_INSTRUCTIONS FOR THE TASK_
No pictures go into the output, which should consist only of the lines from the first line of the data through the line with "이혼 심경을 털어놨다.", copied exactly.

Recorded data:
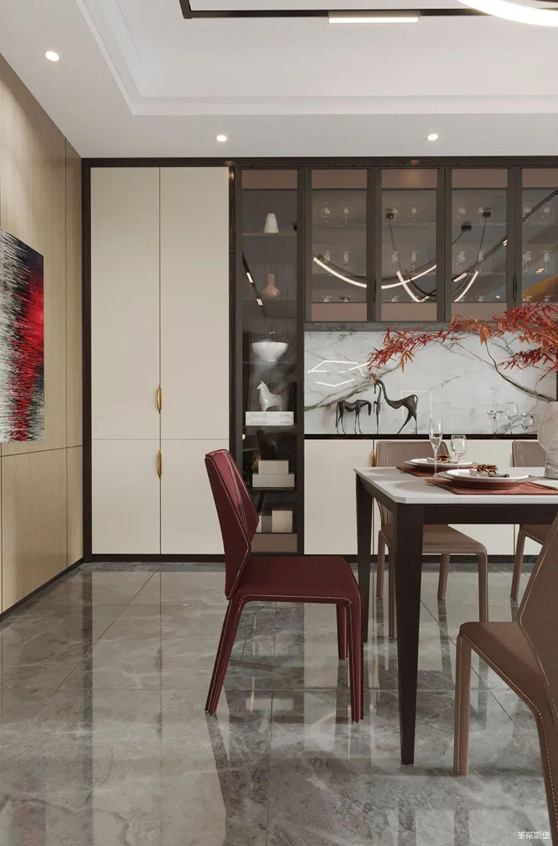 一字型布局的開放空間,強化了餐廚的開闊感,延伸了空間的舒朗視野。純白調(diào)的天然餐桌,與周圍空間融為一體,映襯著空間的純潔美好。意式簡約的紅色餐椅,線條簡潔凌厲到能輕易征服人心,一隅紅楓點綴其中,視覺層次感瞬間得到提升,讓人于靜簡和清歡之間,感受人生百味。
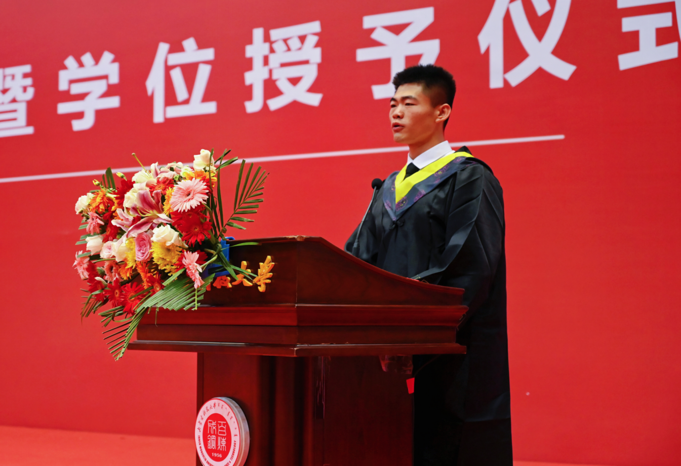 本专科毕业生代表王凯涛分享了在科大感悟最深的三个词,“感恩”“青春”“责任”。他说,我们应不负师长期望,用奋斗拼搏诠释无悔的青春,用责任担当激昂生命的力量。
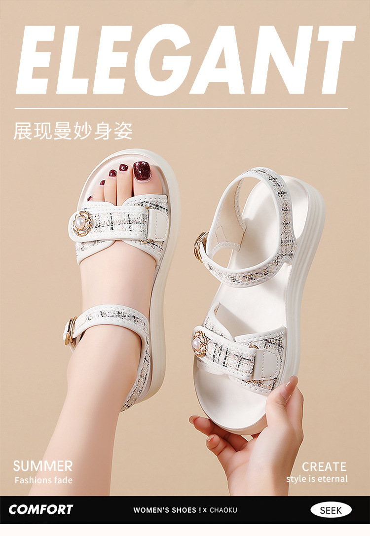 스포츠 샌들 여자 2025 새로운 올매치 경량 벨크로 여름 샤넬 스타일 미끄럼 방지 인터넷 축하 해변 신발
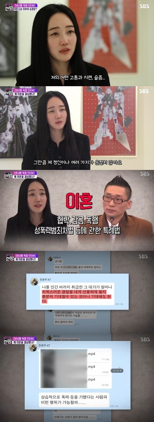 '한밤' 낸시랭이 전 남편 왕진진(본명 전준우)과의 이혼 심경을 털어놨다.
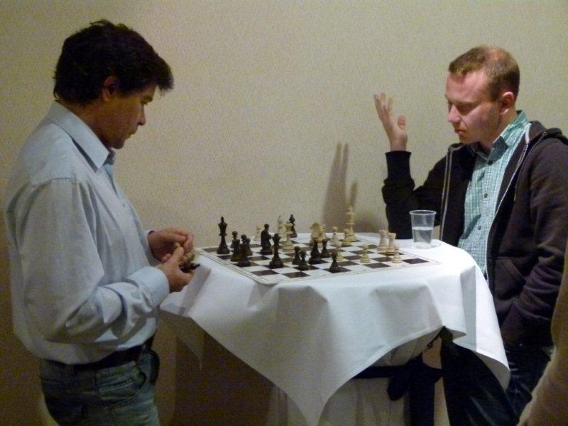 Bei uns bekam es Brain mit der neuen deutschen Nummer 2, dem ehemaligen Magdeburger Nisipeanu zu tun, Normi durfte sich an der deutschen Nummer 1 Naiditsch versuchen und Holly sich mit dem Weltklassetrainer Dautov gütlich halten. Natürlich waren wir völlig chancenlos. Mein ehemaliger Verein SC Heusenstamm hatte es im Viertelfinale zwar immerhin auf ein 2zu2 geschafft, aber Baden-Baden ließ nun gar nichts mehr anbrennen und ersetzte Drabke und Schmaltz durch die beiden Spitzenbretter der deutschen Nationalmannschaft.
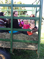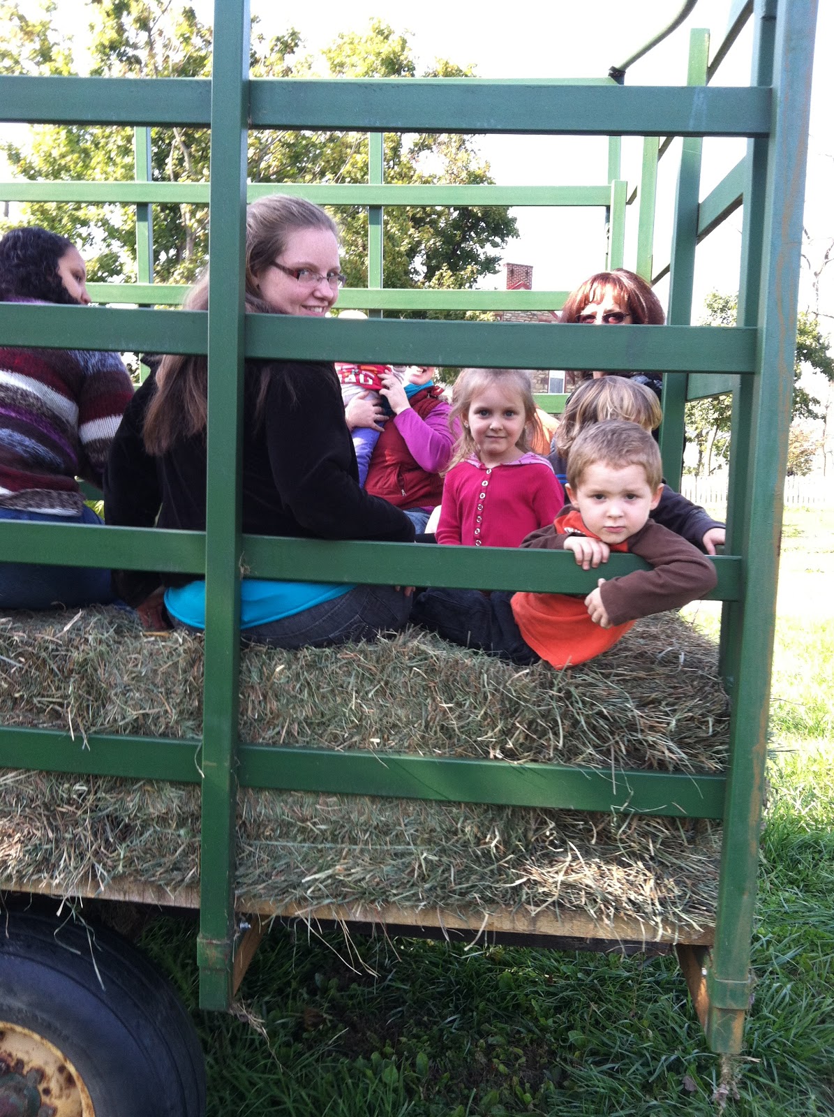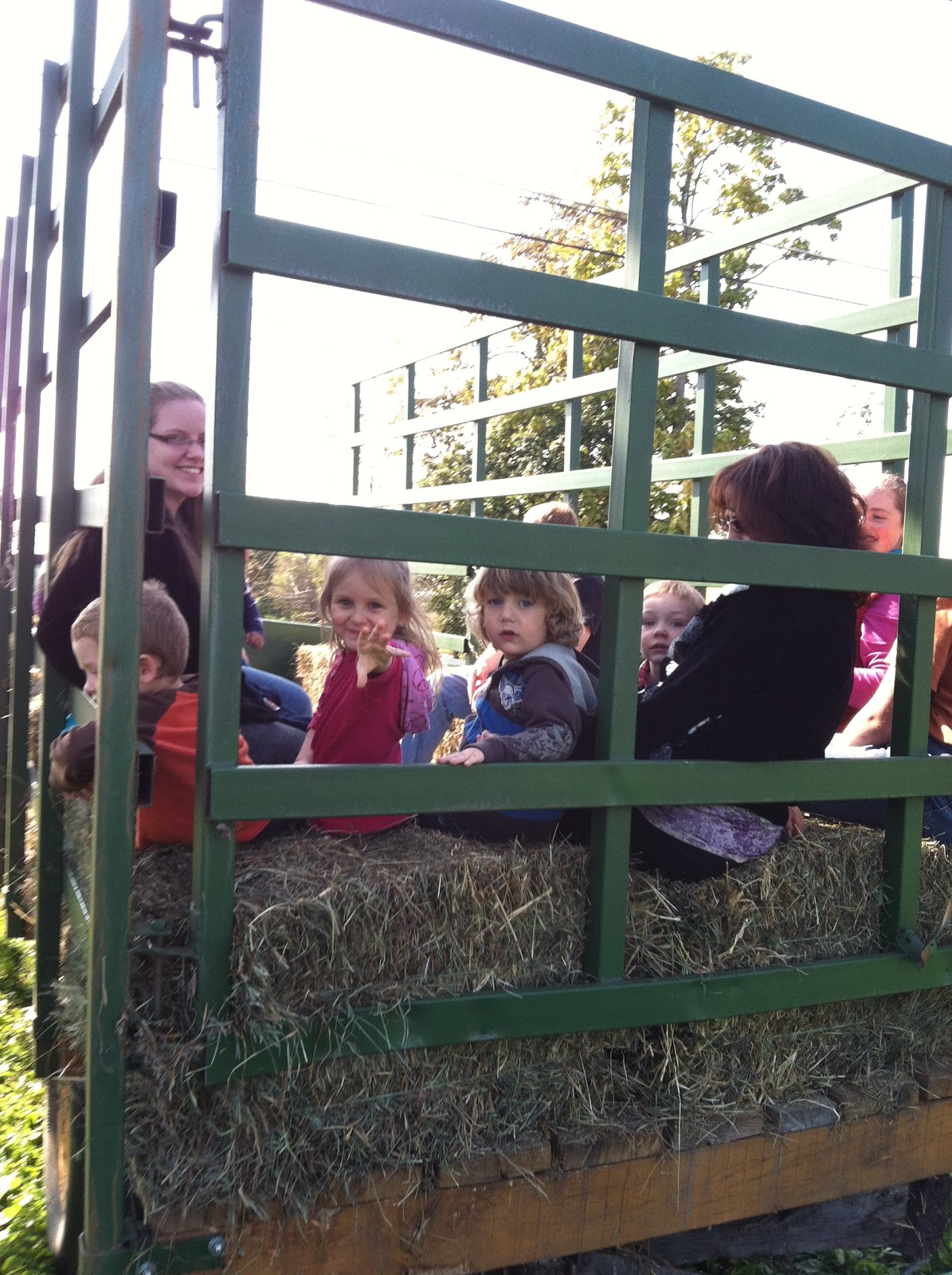 Overall, we had about 40 people, including a dozen kids – all under the age of 4. Caleb brought over his hay wagon, with some hay bales, and took all the kids and some parents for a ride around the farm.
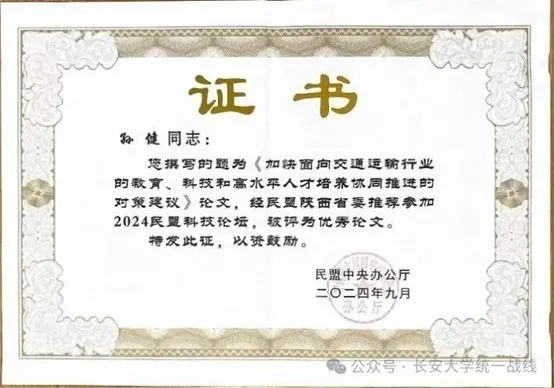 本次论坛共收到30个省级民盟组织以及民盟中央科技委员会等提交的论文234篇,经专家评审,共55篇优秀论文获奖。孙健提交的《加快面向交通运输行业的教育、科技和高水平人才协同推进的对策建议》荣获民盟中央科技论坛优秀论文表彰。
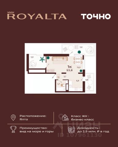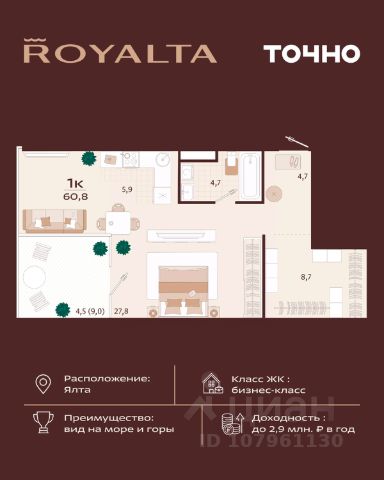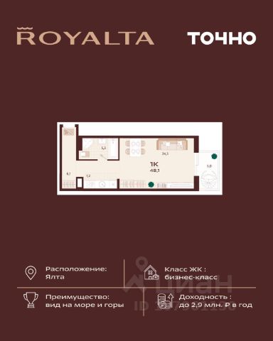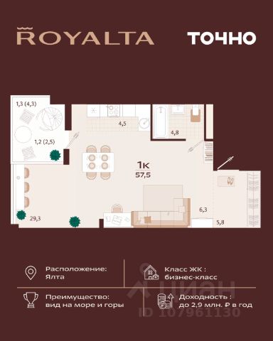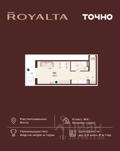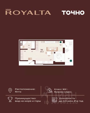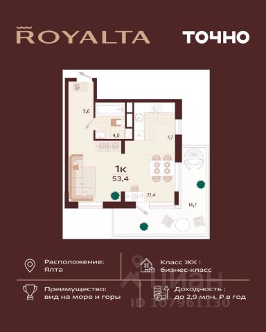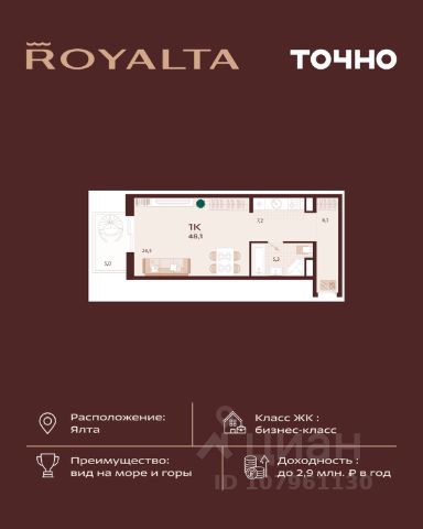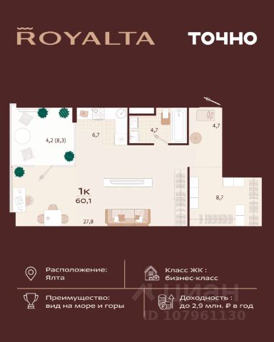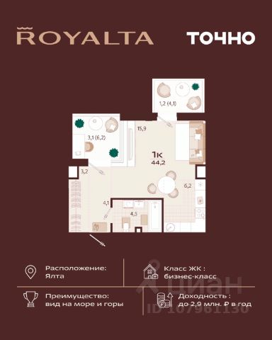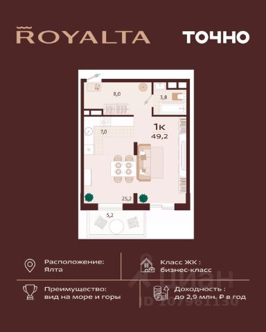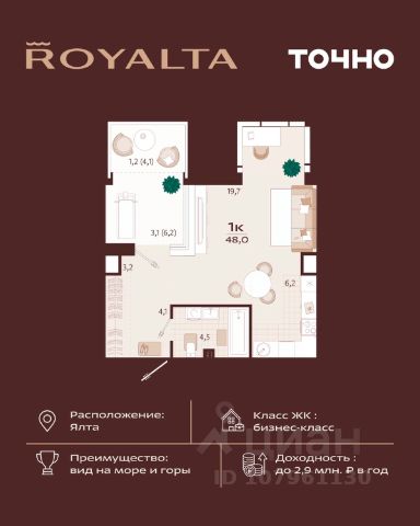 Инвестиция, которая работает на вас — в сердце Ялты, в премиум-классе с гибкой оплатой. 1-комнатная квартира 49 м² в ЖК Роялта — одном из лучших проектов Южного берега Крыма. Гибкая оплата! Рассрочка до июня 2027 г. Платежи от 100 000 ₽/мес, остаток можно в ипотеку. Почему стоит рассмотреть Роялта: • Премиум-класс: закрытая территория, подземный паркинг, бассейн Infinity. • Вид на море и горы, террасированный ландшафт, двор без машин. • Высокий инвестиционный потенциал — рост цены уже на этапе стройки. Звоните — расскажу, как зафиксировать цену и условия рассрочки.

_ANSWER BOX_
 一字型布局的開放空間,強化了餐廚的開闊感,延伸了空間的舒朗視野。純白調(diào)的天然餐桌,與周圍空間融為一體,映襯著空間的純潔美好。意式簡約的紅色餐椅,線條簡潔凌厲到能輕易征服人心,一隅紅楓點綴其中,視覺層次感瞬間得到提升,讓人于靜簡和清歡之間,感受人生百味。
 本专科毕业生代表王凯涛分享了在科大感悟最深的三个词,“感恩”“青春”“责任”。他说,我们应不负师长期望,用奋斗拼搏诠释无悔的青春,用责任担当激昂生命的力量。
 스포츠 샌들 여자 2025 새로운 올매치 경량 벨크로 여름 샤넬 스타일 미끄럼 방지 인터넷 축하 해변 신발
 '한밤' 낸시랭이 전 남편 왕진진(본명 전준우)과의 이혼 심경을 털어놨다.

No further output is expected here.